— План города, на котором отмечены особняки оставшихся в живых членов сёгуната. Список Кланов Хонсю, которые спешат к нам примкнуть, у вас будет на днях, — перевела мне Аю ответ, который меня от души порадовал, — Но Мацумаэ торопится предупредить князя, что к городу вызвано два дивизиона артиллерийских дирижаблей и они ведут круглосуточное патрулирование над городом, и особенно, над портовыми территориями.
— Надо же, — недовольно повёл я головой, в очередной раз неприятно удивившись сообразительности противника, — Значит атаковать Токио с моих дирижаблей теперь так себе затея, на авантюру смахивает.

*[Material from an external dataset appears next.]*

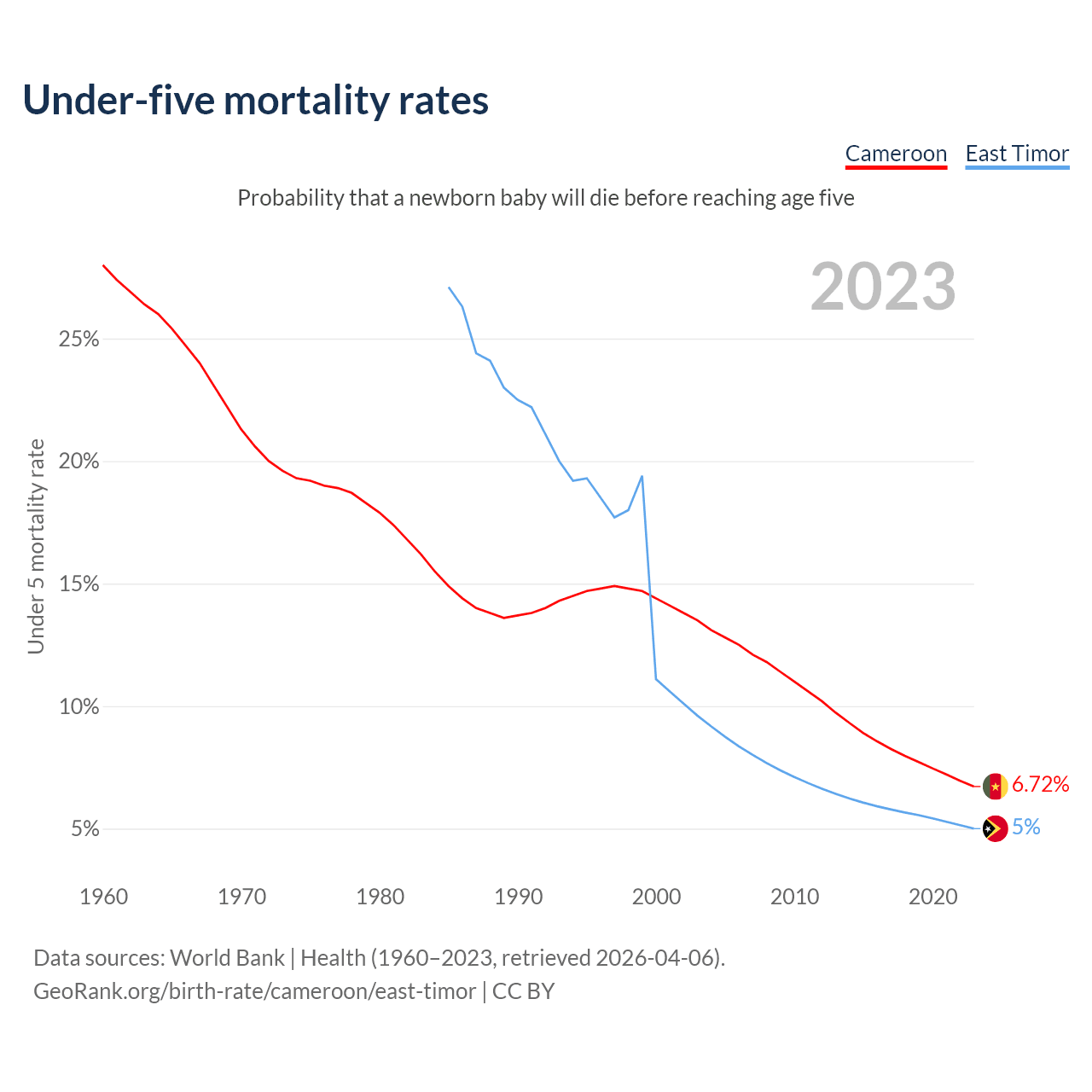 The chance that a newborn baby will die before reaching age five is 6.72% in Cameroon and 5% in East Timor. Above is a chart with historical data on under-five mortality rates.

Придётся Артемьева торопить. Впрочем, это всё потом. Пусть пленного привезут, — обернулся я к сопровождающим меня казакам.
Один из них тут же развернулся, и заскочив на коня, лихо умчался в город, чуть ли не с места сорвав жеребца в карьер своим свистом и гиканьем.
Пленного привезли на автомобиле минут через двадцать.
Выглядел он жалко.
Целители всего лишь озаботились тем, чтобы он сразу не умер, а потом им занимался обычный тюремный врач.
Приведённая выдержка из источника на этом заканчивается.